Fast & easy command line tool for converting XML files to JSON.
The output is designed to be easy to store and process using JSON-based databases, such as mongoDB and CouchDB. In fact, the original motivation for xml-to-json was to store and query a large (~10GB) XML-based dataset, using an off-the-shelf scalable JSON database.
Currently the tool processes XMLs according to lossy rules designed to produce sensibly minimal output. If you need to convert without losing information at all consider something like the XSLT offered by the jsonml project. Unlike jsonml, this tool - xml-to-json - produces json output similar (but not identical) to the xml2json-xslt project.

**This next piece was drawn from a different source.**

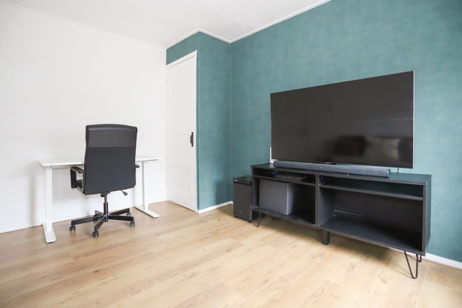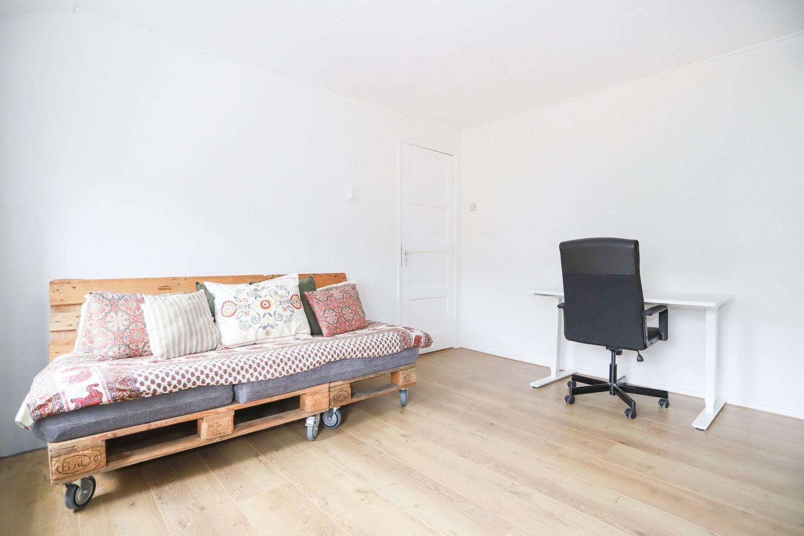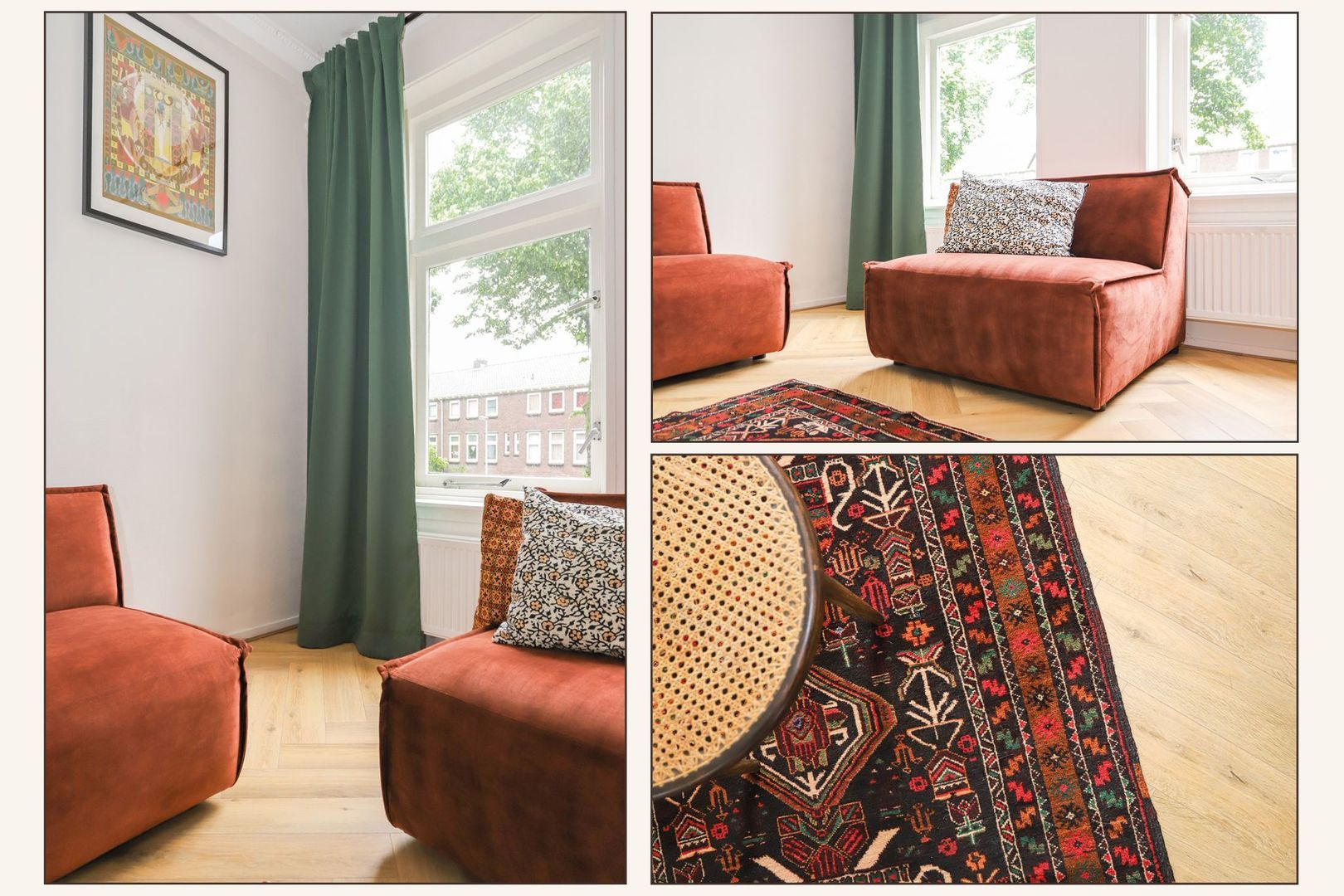 Eerste verdieping: Overloop met toilet en bergkast. De sfeervolle woon- en eetkamer voelt heerlijk ruim aan door de grote raampartijen en het hoge plafond. De ruimte is praktisch in te delen met aan de voorzijde een fijne zithoek en aan de achterzijde een gezellig eettafel. Er is een moderne visgraatvloer en nette wand afwerking aanwezig.

xml-to-json is implemented in Haskell. Currently the implementation is minimal - for example, the core translation functionality is not exported as a library. If you want to use it as a library, open an issue on this project (or better yet - do it and submit a pull request).

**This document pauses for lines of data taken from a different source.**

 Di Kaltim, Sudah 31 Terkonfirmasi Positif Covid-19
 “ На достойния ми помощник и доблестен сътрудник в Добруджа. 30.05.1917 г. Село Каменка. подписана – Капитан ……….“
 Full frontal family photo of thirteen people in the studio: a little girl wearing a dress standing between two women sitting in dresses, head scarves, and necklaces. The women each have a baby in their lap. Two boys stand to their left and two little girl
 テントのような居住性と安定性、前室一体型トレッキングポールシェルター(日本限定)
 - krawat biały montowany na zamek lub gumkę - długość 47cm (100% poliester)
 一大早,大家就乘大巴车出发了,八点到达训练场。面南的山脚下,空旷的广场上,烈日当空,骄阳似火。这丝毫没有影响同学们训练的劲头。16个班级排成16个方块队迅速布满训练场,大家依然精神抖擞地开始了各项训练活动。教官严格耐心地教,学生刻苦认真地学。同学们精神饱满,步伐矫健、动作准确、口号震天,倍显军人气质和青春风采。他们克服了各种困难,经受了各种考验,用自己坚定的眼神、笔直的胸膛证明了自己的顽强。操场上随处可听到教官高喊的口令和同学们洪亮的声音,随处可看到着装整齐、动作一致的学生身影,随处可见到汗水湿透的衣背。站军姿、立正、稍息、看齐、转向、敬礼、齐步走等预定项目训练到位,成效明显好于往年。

As of this writing, xml-to-json uses hxt with the expat-based hxt-expat parser. The pure Haskell parsers for hxt all seem to have memory issues which hxt-expat doesn't.
Just run the tool with the filename as a single argument, and direct the stdout to a file or a pipe:
xml-to-json myfile.xml > myfile.js
Use the --help
option to see the full command line options.
Here's a (possibly outdated) snapshot of the --help
output:
Usage: xml-to-json [OPTION...] files...
-h --help Show this help
-t TAG --tag-name=TAG Start conversion with nodes named TAG (ignoring all parent nodes)
-s --skip-roots Ignore the selected nodes, and start converting from their children
(can be combined with the 'start-tag' option to process only children of the matching nodes)
-m --multiline Output each of the top-level converted json objects on a seperate line
-n --ignore-nulls Ignore nulls (do not output them) in the top-level output objects
-a --as-array Output the resulting objects in a top-level JSON array
Input file:
<?xml version="1.0"?>
<!DOCTYPE Test>
<Tests>
<Test Name="The First Test">
<Description Format="FooFormat">
Just a dummy
<!-- comment -->
Xml file.
</Description>
</Test>
<Test Name="Second"/>
</Tests>
JSON output (formatted for readability - actual output a single line):
{
"Tests" : {
"Test" : [
{ "Name" : "The First Test",
"Description" : {
"Format" : "FooFormat",
"value" : "Just a dummy\n\nXml file."
}
},
{ "Name" : "Second" }
]
}
}
For large XML files, the speed on a core-i5 machine is about 2MB of xml / sec, with a 100MB XML file resulting in a 56MB json output. It took about 10 minutes to process 1GB of xml data. The main performance limit is memory - only one single-threaded process was running since every single large file (tens of megabytes) consumes a lot of memory - about 50 times the size of the file.
A few simple tests have shown this to be at least twice as fast as jsonml's xlst-based converter (however, the outputs are not similar, as stated above).
Currently the program processes files serially. If run in parallel on many small XML files (<5MB) the performance becomes cpu-bound and processing may be much faster, depending on the architecture.